◆ **Available data**:
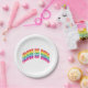 Class of 2024 rainbow colors custom rainbow curved text typography modern fun graduation Party paper plates.
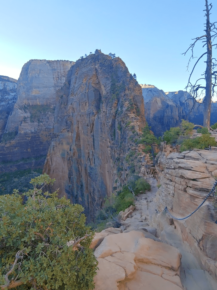 At the top of Walters Wiggles, I made it to Scout Lookout at about 2 miles. The final half mile to the summit is known as the “Chains” section. It is a class 3 climb along a narrow spine with steep drop-offs on either side. Fixed chains have been installed by the Park Service to help hikers safely make it through this section. The chains had actually been closed for the last few months due to Covid but just reopened within the last week or 2. I was very happy about that – it would have been a bummer to drive all the way to Zion and not be able to climb Angels Landing.
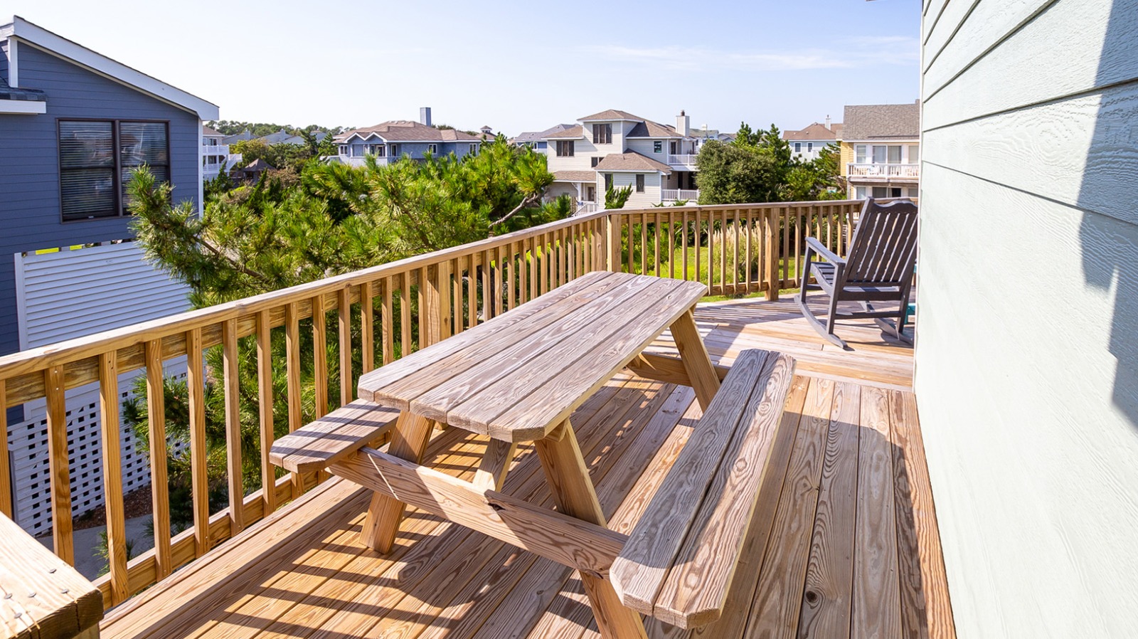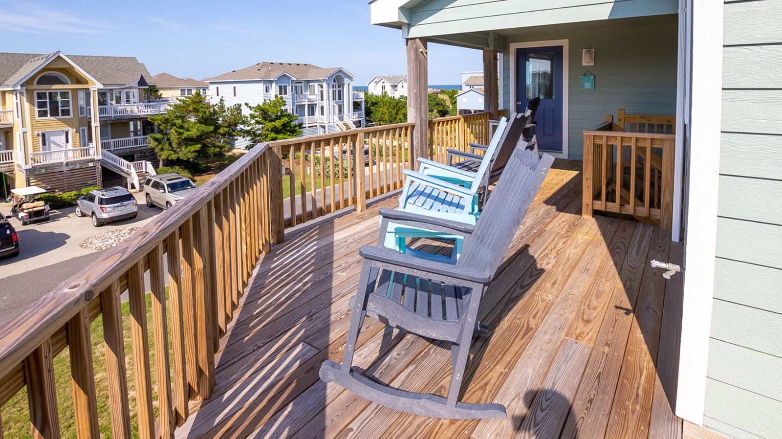 Happy Daze provides numerous decks to soak up the ocean sunrises, or lighthouse sunsets, while watching your family and friends take advantage of the exclusive atmosphere of the awarding winning Corolla Light Resort! The expansive decks provide ample space to relish the serene setting created by the green space directly behind the home, giving you privacy and a perfect backdrop for your ultimate OBX beach vacation.
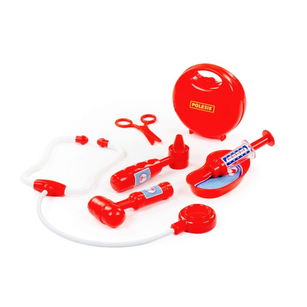 Detská doktorská sada obsahuje základné lekárske nástroje ako nožnice, injekčnú striekačku, stetoskop, otoskop, kladivko, podnos na nástroje a praktický lekársky kufrík. Hračka ...
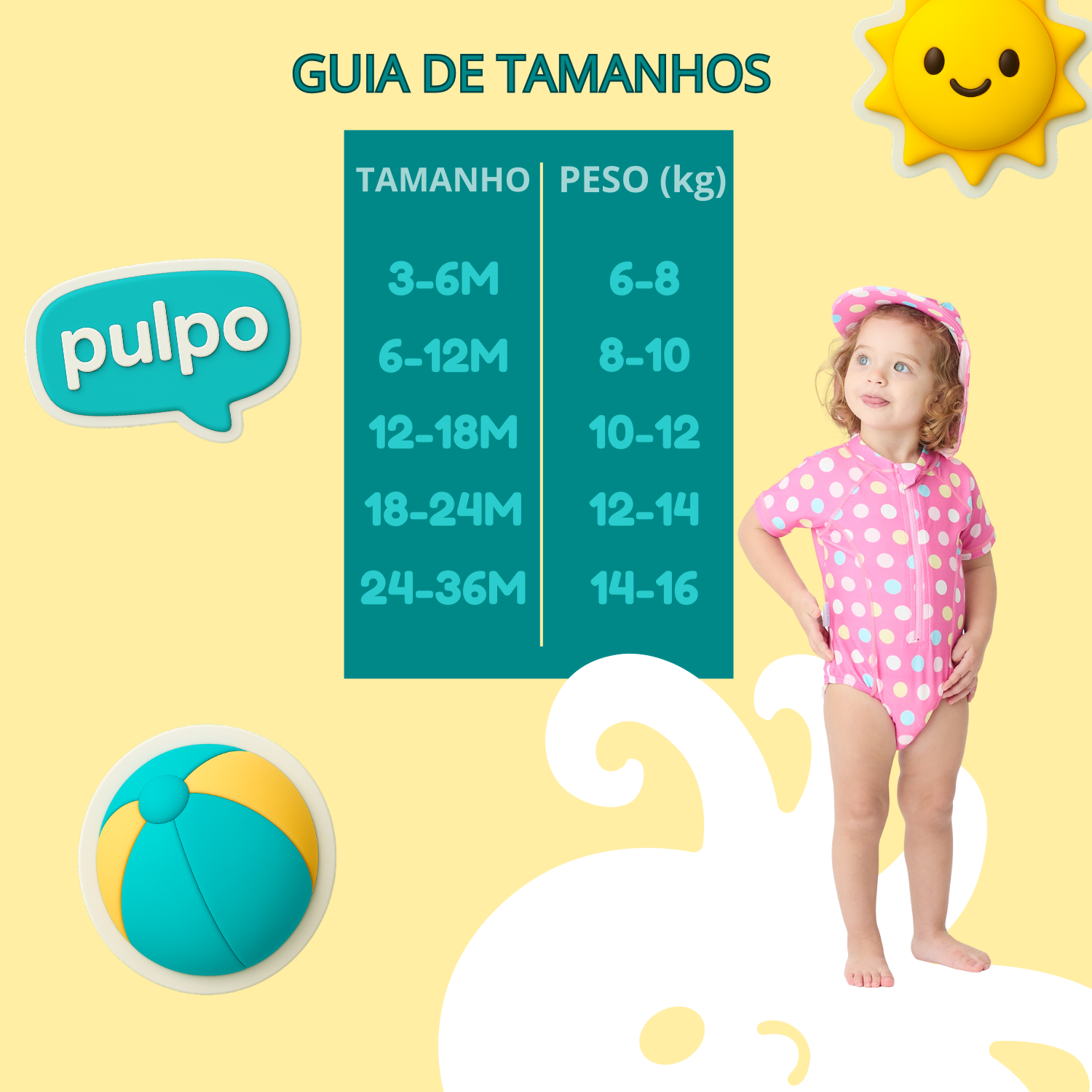 PROTEÇÃO UV 50+: proteção total contra raios ultra-violeta, deixando o bebê seguro para ficar no sol
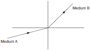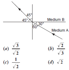 16. Figure shows a ray of light as it travels from medium A to medium B. Refractive index of the medium B relative to medium A is
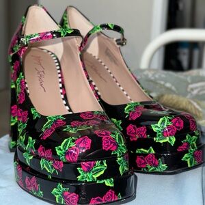 Betsey Johnson Black and Pink Floral Platform Shoes
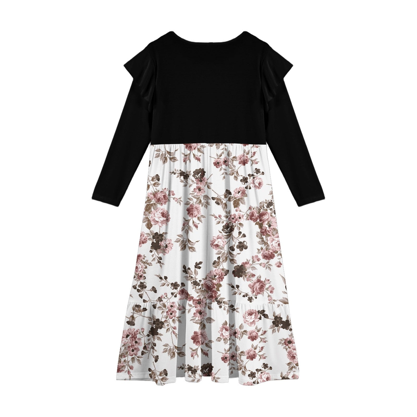 Walmart Abcomgle Girls Maxi Dresses 7-8 Casual Patchwork Ruffle Long Sleeve Girls Long Dresses Vintage Floral Print Crew Neck Sundresses Tiered Flowy Dresses with Pockets,11-12 Years White
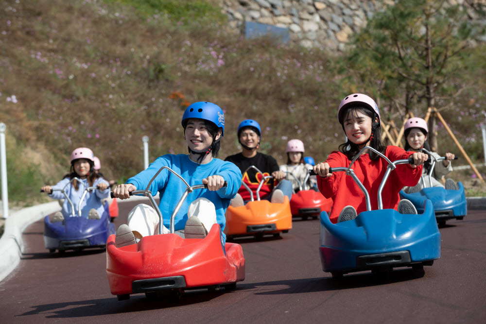 국내 최장 거리의 루지 트랙이 있는 청도 군파크 루지 테마파크입니다. 트랙의 길이만 해도 무려 1.8km로, 꽤 오랜 시간 스카이 리프트를 타고 탑승장까지 이동해야 하는데요. 리프트를 타는 동안 청량한 청도의 자연경관이 파노라마로 펼쳐집니다.

◆ **What this task involves**: The reply should hold only the lines from the first line of the records above through the line containing "At the top of", copied exactly and without pictures.

◆ **Answer for this exercise**:
 Class of 2024 rainbow colors custom rainbow curved text typography modern fun graduation Party paper plates.
 At the top of Walters Wiggles, I made it to Scout Lookout at about 2 miles. The final half mile to the summit is known as the “Chains” section. It is a class 3 climb along a narrow spine with steep drop-offs on either side. Fixed chains have been installed by the Park Service to help hikers safely make it through this section. The chains had actually been closed for the last few months due to Covid but just reopened within the last week or 2. I was very happy about that – it would have been a bummer to drive all the way to Zion and not be able to climb Angels Landing.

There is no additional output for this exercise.